● DATA EXTRACT:
#####

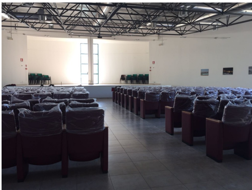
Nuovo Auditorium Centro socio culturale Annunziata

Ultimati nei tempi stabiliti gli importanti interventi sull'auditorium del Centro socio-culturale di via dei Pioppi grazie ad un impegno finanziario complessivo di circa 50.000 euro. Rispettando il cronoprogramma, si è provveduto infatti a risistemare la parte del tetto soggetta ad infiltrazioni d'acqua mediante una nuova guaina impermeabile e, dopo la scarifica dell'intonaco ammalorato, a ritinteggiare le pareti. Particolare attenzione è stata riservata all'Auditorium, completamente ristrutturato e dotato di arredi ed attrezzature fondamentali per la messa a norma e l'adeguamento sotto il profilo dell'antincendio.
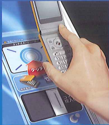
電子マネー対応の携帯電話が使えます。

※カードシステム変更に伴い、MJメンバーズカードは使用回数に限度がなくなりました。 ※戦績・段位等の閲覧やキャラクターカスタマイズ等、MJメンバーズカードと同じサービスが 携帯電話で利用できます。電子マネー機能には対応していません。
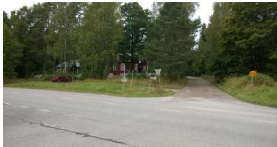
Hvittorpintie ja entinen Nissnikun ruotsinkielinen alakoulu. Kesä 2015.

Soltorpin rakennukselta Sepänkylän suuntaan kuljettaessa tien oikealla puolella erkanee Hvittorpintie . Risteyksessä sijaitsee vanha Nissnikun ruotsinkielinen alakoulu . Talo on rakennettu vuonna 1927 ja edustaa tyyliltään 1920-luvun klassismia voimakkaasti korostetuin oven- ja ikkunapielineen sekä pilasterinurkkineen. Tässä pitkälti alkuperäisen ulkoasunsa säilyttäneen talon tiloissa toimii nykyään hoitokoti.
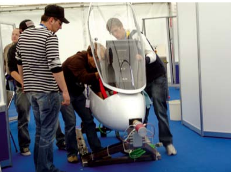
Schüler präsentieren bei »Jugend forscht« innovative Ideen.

#####

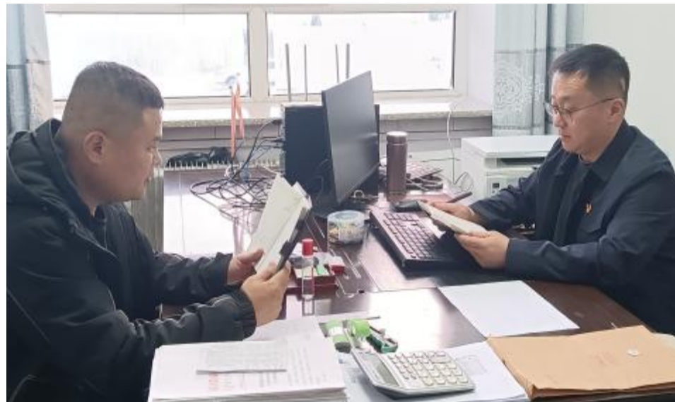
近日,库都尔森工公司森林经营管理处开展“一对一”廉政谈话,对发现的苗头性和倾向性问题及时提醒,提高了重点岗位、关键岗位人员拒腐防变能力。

#####

● WORK REQUIRED:
Wherever a line in the listing contains the word "culturale", copy that line out.

● RESULT OF THE EXERCISE:
Nuovo Auditorium Centro socio culturale Annunziata
Ultimati nei tempi stabiliti gli importanti interventi sull'auditorium del Centro socio-culturale di via dei Pioppi grazie ad un impegno finanziario complessivo di circa 50.000 euro. Rispettando il cronoprogramma, si è provveduto infatti a risistemare la parte del tetto soggetta ad infiltrazioni d'acqua mediante una nuova guaina impermeabile e, dopo la scarifica dell'intonaco ammalorato, a ritinteggiare le pareti. Particolare attenzione è stata riservata all'Auditorium, completamente ristrutturato e dotato di arredi ed attrezzature fondamentali per la messa a norma e l'adeguamento sotto il profilo dell'antincendio.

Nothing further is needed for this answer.